Your output should be the complete listing, word for word, with no pictures in it.

INFORMATION PROVIDED:
◇ ◇ ◇ ◇

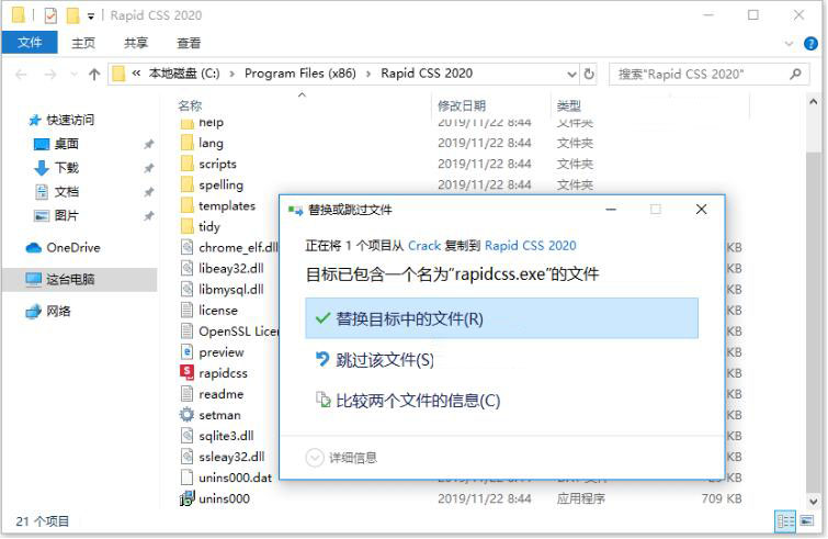 2,软件安装完成后,复制rapidcss.exe到软件软件安装目录下替换文件替换rapidcss.ex
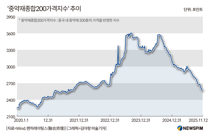 중국 대표 신용평가기관 중 하나인 롄허레이팅스(聯合資信∙LianheRatings)가 중국 금융정보 제공업체 윈드(Wind) 데이터에 기반해 공개한 최신 자료에 따르면 '중약재종합200가격지수(中藥材綜合200價格指數)'는 해당 정책이 공식적으로 발표된 2023년 9월에 한 차례 가격이 꺾인 이후, 정식으로 시행된 2024년 8월 이후 급격한 하락세를 지속하고 있다.
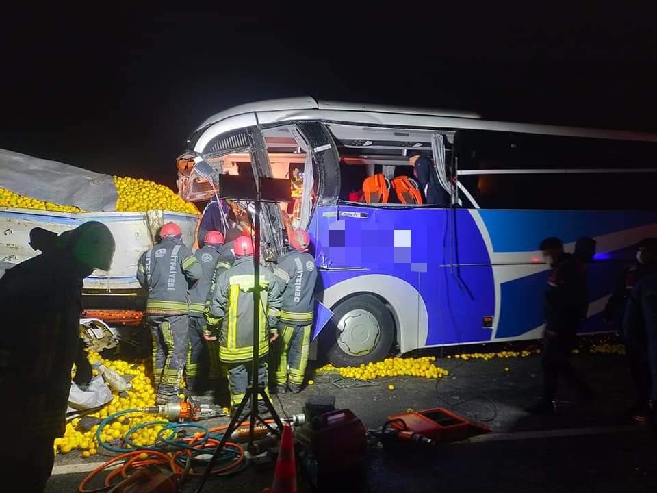 Kaza, Bozkurt ilçesi Başçeşme Mevkiinde meydana geldi. Edinilen bilgilere göre; Denizli – Afyonkarahisar karayolu üzerinde seyir halinde olan ve Ankara’dan Muğla’nın Datça ilçesine gittiği belirtilen Mukadder Balkın idaresindeki 48 DG 288 plakalı otobüs, aynı istikamette seyir halinde olan Süleyman T. hakimiyetindeki 66 LV 66 plakalı limon yüklü tıra süratle arkadan çaptı. Çarpmanın etkisiyle otobüsün ön tarafı hurdaya döndü. Tırdaki limonların karayoluna saçıldığı kazada, otobüsteki yolcular ise yerinden fırladı. İhbar üzerine bölgeye çok sayıda polis, itfaiye ve sağlık ekipleri sevk edildi. Olay yerine gelen itfaiye ekipleri sıkışan yolcuları kurtarırken, sağlık ekipleri ise yoğun çaba sarf ederek müdahalelerde bulundu.
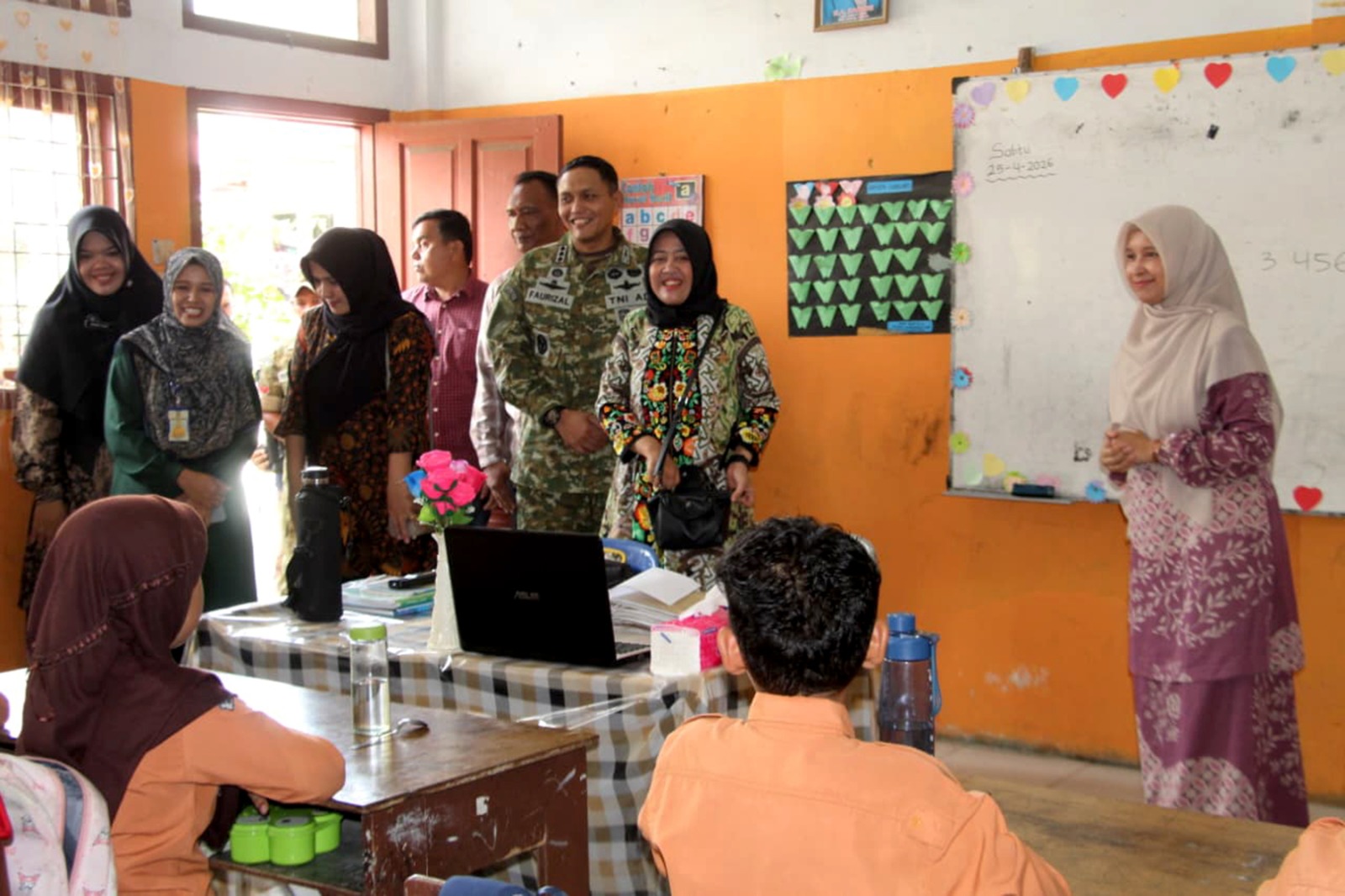 posaceh.com, Banda Aceh – Komandan Kodim (Dandim) 0101/Kota Banda Aceh, Kolonel Inf Faurizal Noerdin, S.Sos., M.Sc, bersama Ketua Persit Kartika Chandra Kirana Cabang XXVII Kodim 0101/KBA, Ny. dr. Eka Faurizal, M.Kes, melaksanakan peninjauan terhadap Satuan Pelayanan Pemenuhan Gizi (SPPG) serta kualitas pelaksanaan program Makan Bergizi Gratis (MBG) di SDN 56 Banda Aceh, Kecamatan Ulee Kareng, Kota Banda Aceh, Sabtu (25/4/2026).

◇ ◇ ◇ ◇

WRITTEN SOLUTION:
 2,软件安装完成后,复制rapidcss.exe到软件软件安装目录下替换文件替换rapidcss.ex
 중국 대표 신용평가기관 중 하나인 롄허레이팅스(聯合資信∙LianheRatings)가 중국 금융정보 제공업체 윈드(Wind) 데이터에 기반해 공개한 최신 자료에 따르면 '중약재종합200가격지수(中藥材綜合200價格指數)'는 해당 정책이 공식적으로 발표된 2023년 9월에 한 차례 가격이 꺾인 이후, 정식으로 시행된 2024년 8월 이후 급격한 하락세를 지속하고 있다.
 Kaza, Bozkurt ilçesi Başçeşme Mevkiinde meydana geldi. Edinilen bilgilere göre; Denizli – Afyonkarahisar karayolu üzerinde seyir halinde olan ve Ankara’dan Muğla’nın Datça ilçesine gittiği belirtilen Mukadder Balkın idaresindeki 48 DG 288 plakalı otobüs, aynı istikamette seyir halinde olan Süleyman T. hakimiyetindeki 66 LV 66 plakalı limon yüklü tıra süratle arkadan çaptı. Çarpmanın etkisiyle otobüsün ön tarafı hurdaya döndü. Tırdaki limonların karayoluna saçıldığı kazada, otobüsteki yolcular ise yerinden fırladı. İhbar üzerine bölgeye çok sayıda polis, itfaiye ve sağlık ekipleri sevk edildi. Olay yerine gelen itfaiye ekipleri sıkışan yolcuları kurtarırken, sağlık ekipleri ise yoğun çaba sarf ederek müdahalelerde bulundu.
 posaceh.com, Banda Aceh – Komandan Kodim (Dandim) 0101/Kota Banda Aceh, Kolonel Inf Faurizal Noerdin, S.Sos., M.Sc, bersama Ketua Persit Kartika Chandra Kirana Cabang XXVII Kodim 0101/KBA, Ny. dr. Eka Faurizal, M.Kes, melaksanakan peninjauan terhadap Satuan Pelayanan Pemenuhan Gizi (SPPG) serta kualitas pelaksanaan program Makan Bergizi Gratis (MBG) di SDN 56 Banda Aceh, Kecamatan Ulee Kareng, Kota Banda Aceh, Sabtu (25/4/2026).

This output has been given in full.